DATA FOR THE TASK

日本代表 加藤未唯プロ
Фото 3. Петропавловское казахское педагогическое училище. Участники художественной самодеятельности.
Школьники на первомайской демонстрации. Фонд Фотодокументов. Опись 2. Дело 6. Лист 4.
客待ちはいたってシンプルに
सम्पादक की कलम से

---

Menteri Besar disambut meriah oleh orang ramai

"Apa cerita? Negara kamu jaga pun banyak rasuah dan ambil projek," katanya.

--

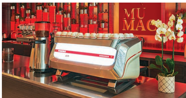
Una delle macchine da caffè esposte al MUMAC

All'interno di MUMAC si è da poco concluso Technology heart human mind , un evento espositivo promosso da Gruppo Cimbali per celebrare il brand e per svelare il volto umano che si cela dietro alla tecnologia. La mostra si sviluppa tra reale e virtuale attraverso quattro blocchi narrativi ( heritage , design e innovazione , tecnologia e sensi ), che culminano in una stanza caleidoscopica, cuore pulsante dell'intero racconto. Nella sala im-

WHAT IS BEING ASKED
Would you please write out, exactly and with no other lines, the stretch of the listing above from the line containing "日本代表 加藤未唯プロ" through the line containing "सम्पादक की कलम से"?

TASK SOLUTION
日本代表 加藤未唯プロ
Фото 3. Петропавловское казахское педагогическое училище. Участники художественной самодеятельности.
Школьники на первомайской демонстрации. Фонд Фотодокументов. Опись 2. Дело 6. Лист 4.
客待ちはいたってシンプルに
सम्पादक की कलम से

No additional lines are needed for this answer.